Starting at the top of the records below and ending with the line that contains "SB 2S SERIES 3.6 TO 10 KILOWATTS", print each line exactly as written, skipping the pictures.

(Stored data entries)
*** Begin section ***
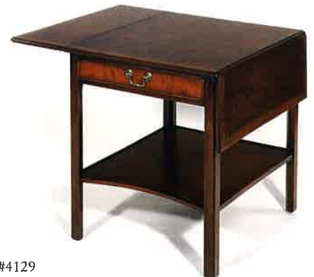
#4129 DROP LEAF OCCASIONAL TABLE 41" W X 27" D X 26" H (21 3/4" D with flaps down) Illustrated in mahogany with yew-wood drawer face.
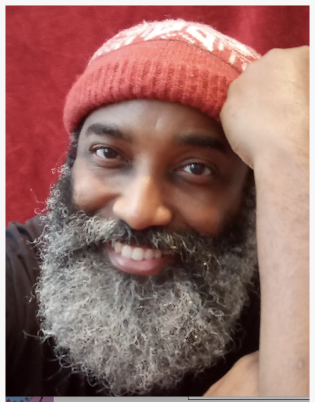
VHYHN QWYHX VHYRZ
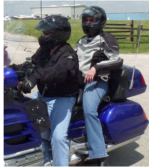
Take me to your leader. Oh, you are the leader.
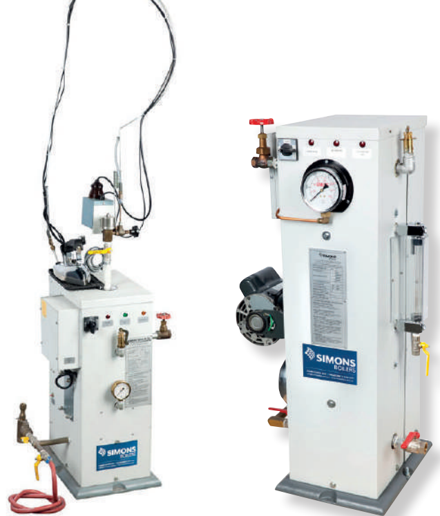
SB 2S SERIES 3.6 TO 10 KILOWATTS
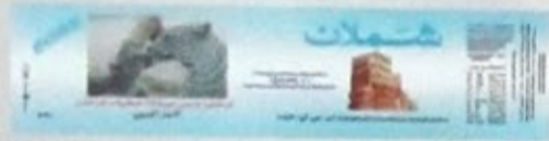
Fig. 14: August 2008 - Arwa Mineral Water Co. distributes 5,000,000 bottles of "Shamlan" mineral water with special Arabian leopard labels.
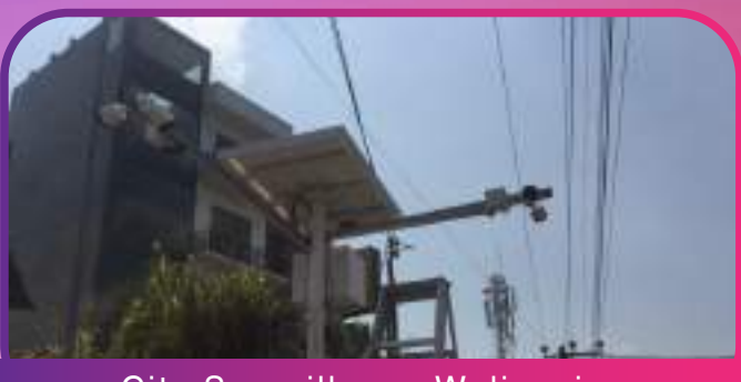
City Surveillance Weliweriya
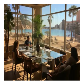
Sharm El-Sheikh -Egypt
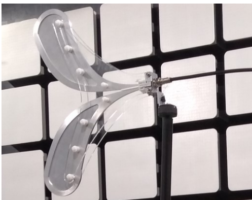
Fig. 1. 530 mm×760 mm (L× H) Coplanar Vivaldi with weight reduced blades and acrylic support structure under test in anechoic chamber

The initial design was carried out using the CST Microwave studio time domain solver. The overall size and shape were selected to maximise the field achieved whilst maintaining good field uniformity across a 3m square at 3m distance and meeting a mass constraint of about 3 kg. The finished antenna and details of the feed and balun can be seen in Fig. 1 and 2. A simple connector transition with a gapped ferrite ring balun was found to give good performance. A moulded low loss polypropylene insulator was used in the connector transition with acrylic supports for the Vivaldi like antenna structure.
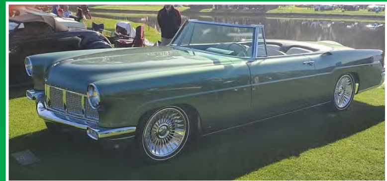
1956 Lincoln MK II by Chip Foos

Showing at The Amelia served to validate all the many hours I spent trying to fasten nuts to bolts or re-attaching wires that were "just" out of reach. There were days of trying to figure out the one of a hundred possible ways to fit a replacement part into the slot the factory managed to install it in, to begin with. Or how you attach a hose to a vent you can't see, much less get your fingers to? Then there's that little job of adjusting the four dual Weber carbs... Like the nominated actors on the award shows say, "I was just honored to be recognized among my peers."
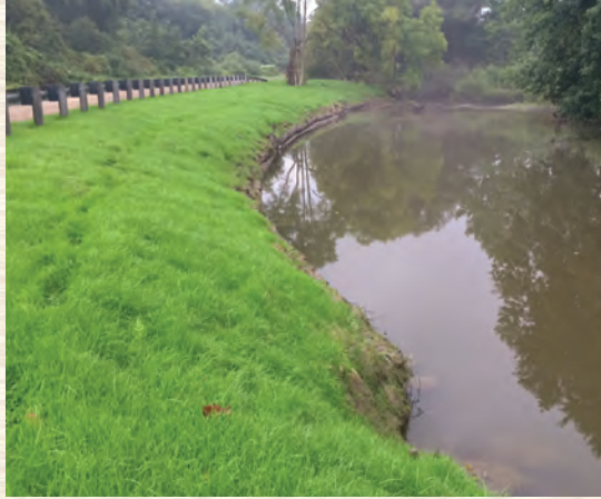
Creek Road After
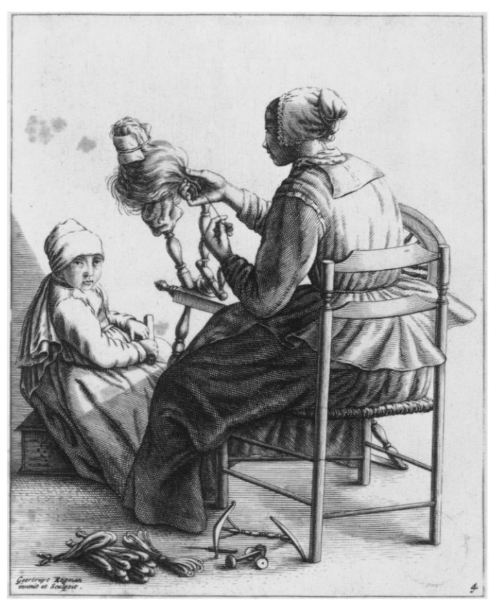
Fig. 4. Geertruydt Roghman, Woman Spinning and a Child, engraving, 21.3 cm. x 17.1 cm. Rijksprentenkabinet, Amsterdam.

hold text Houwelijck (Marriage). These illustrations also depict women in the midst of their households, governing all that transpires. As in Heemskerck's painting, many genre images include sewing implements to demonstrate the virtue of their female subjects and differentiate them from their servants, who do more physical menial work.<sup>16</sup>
*** End section ***
OUTPUT:
#4129 DROP LEAF OCCASIONAL TABLE 41" W X 27" D X 26" H (21 3/4" D with flaps down) Illustrated in mahogany with yew-wood drawer face.
VHYHN QWYHX VHYRZ
Take me to your leader. Oh, you are the leader.
SB 2S SERIES 3.6 TO 10 KILOWATTS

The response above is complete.